Leave the pictures out, and repeat exactly every line from the one with "Gold Bond Extra" through the end of the data below.

** Collected material follows **

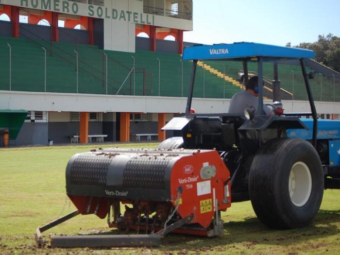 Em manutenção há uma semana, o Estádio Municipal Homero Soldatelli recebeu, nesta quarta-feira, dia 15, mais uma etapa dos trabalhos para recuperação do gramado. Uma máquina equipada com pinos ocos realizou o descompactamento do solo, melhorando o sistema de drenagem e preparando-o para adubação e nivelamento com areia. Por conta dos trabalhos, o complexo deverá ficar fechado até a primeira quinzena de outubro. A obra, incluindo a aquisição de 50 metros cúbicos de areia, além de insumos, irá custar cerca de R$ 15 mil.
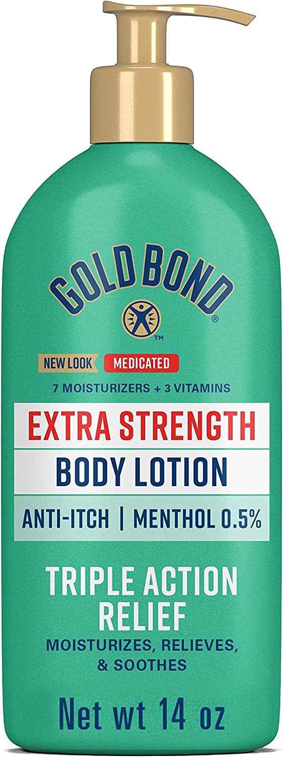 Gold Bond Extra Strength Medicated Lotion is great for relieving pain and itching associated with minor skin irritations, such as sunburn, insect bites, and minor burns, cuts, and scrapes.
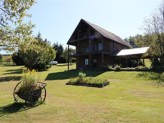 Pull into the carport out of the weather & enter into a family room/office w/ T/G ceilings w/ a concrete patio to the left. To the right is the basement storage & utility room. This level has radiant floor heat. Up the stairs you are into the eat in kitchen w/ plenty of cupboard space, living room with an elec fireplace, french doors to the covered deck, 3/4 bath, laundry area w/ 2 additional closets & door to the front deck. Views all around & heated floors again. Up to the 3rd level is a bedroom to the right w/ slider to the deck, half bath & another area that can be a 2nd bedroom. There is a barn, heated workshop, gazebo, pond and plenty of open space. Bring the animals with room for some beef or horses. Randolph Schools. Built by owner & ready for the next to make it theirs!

** End of Collected material **

**Worked solution:**
 Gold Bond Extra Strength Medicated Lotion is great for relieving pain and itching associated with minor skin irritations, such as sunburn, insect bites, and minor burns, cuts, and scrapes.
 Pull into the carport out of the weather & enter into a family room/office w/ T/G ceilings w/ a concrete patio to the left. To the right is the basement storage & utility room. This level has radiant floor heat. Up the stairs you are into the eat in kitchen w/ plenty of cupboard space, living room with an elec fireplace, french doors to the covered deck, 3/4 bath, laundry area w/ 2 additional closets & door to the front deck. Views all around & heated floors again. Up to the 3rd level is a bedroom to the right w/ slider to the deck, half bath & another area that can be a 2nd bedroom. There is a barn, heated workshop, gazebo, pond and plenty of open space. Bring the animals with room for some beef or horses. Randolph Schools. Built by owner & ready for the next to make it theirs!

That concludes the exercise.